Anonymous wrote:The code isn't private school but money. It just appears and is reinforced more often at private schools for obvious reasons. But the same code is found at fancy suburban high schools in places like Greenwich and Bronxville while plenty of private school grads languish in obscurity and mediocrity.
People overthink this and social engineering too much. Going to public school doesn't make you nicer. Going to a more diverse school doesn't make you more tolerant. The vast majority of people will grow into an innately comfortable network of likeminded peers based on personalities and interests and expectations so they will end up in homogenous environments one way or another.
Anonymous wrote:Anonymous wrote:I am a private school lifer: the only reason these private school kids have so much confidence and poise is because they have more money.
If you have more money and your kids have more activities and the ability to be involved, they will be fine.
Yeah that’s what I can’t separate. Will our kid have that air of self possession because we have a beach house and insist on manners and French lessons? Or bc he was in school somewhere? I’m genuinely wondering.
Anonymous wrote:Anonymous wrote:My DC is about to hit a grade where if we go private, now is the time to think about making some moves.
My DH and I went to private our whole lives. My DH is super against sending our child to private. DH went to a big deal private here and disliked it. He is not convinced the education is worth the price, thinks our child has a better shot at college and life skills in a AP track public, and doesn’t want our child to think the world works the way DH believes private school kids around here do.
I can only admit this anonymously, I’m so embarrassed, but this the truth. I am afraid if my child doesn’t go to private school he’ll never be able to move in upper class circles with total ease. He won’t understand those sort of dog whistle references or get exposed to some things that are good to know when you’re an adult. There is a “code”. There just is. And upon reflection I can’t figure out if I learned that code, which I need him to know, from my parents or from private school. Will he miss out on that culture piece of things if we keep him in public?
I'm not criticizing this way of thinking. Your kid will probably do better in life than mine. But I moved mine out of private because of this. He's a white boy who will be a minority in this country as he ages, and he needs to be able to get along with a bunch of different kinds of people of all socioeconomic levels. He still possesses the manners he was raised with, but can now effortlessly move among different circles of friends (and now coworkers). I have found, after the switch to a middle-of-the-road (economically) public high school, that my son is kinder. He's not as arrogant. Which is awesome right now. Only time will tell what he's like in 20 years.
Anonymous wrote:Anonymous wrote:I find private school kids have a sense of confidence that public school kids just don’t embody
I think you mistake confidence for entitlement.
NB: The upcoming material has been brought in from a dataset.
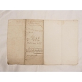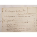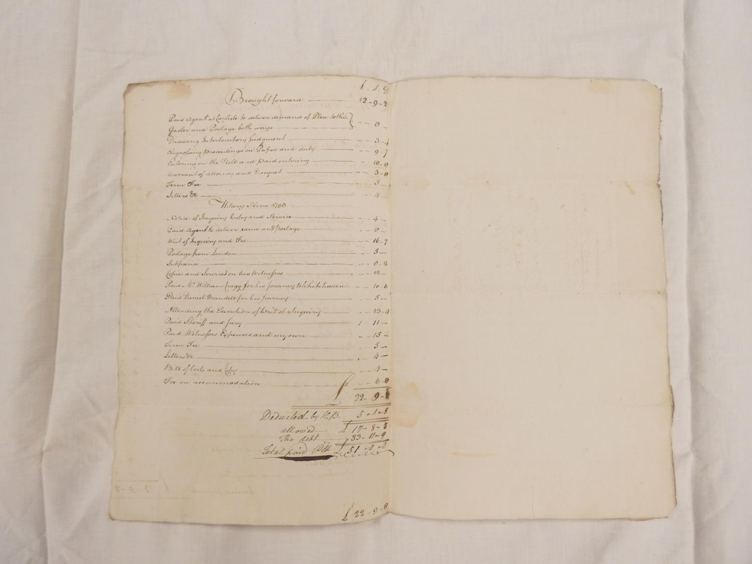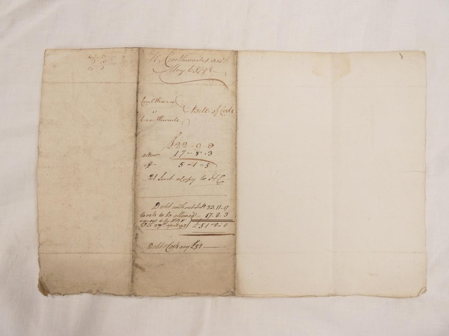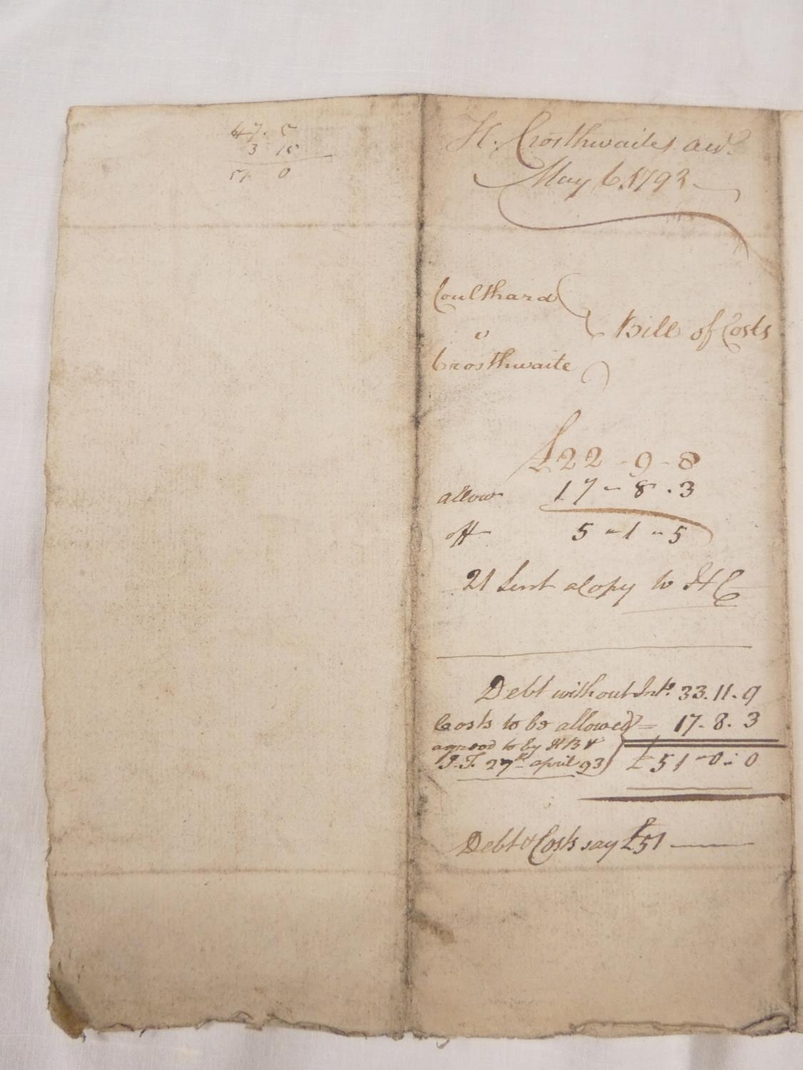 18th Cent. Lawyers Statement of Account. 2 leaves of a folded folio sheet. From H. Crosthwaite ref. King`s Bench case of Abraham Coulthard to Jeremiah Thompson. Details incl. Journey to Moresby and Disington when defendant was arrested ... etc. 1793.

Anonymous wrote:I am a private school lifer: the only reason these private school kids have so much confidence and poise is because they have more money.
If you have more money and your kids have more activities and the ability to be involved, they will be fine.
Anonymous wrote:Anonymous wrote:Don’t be embarrassed
Please tell me more about this code.
no, it's secret. Only elite private school families are allowed in on the secret.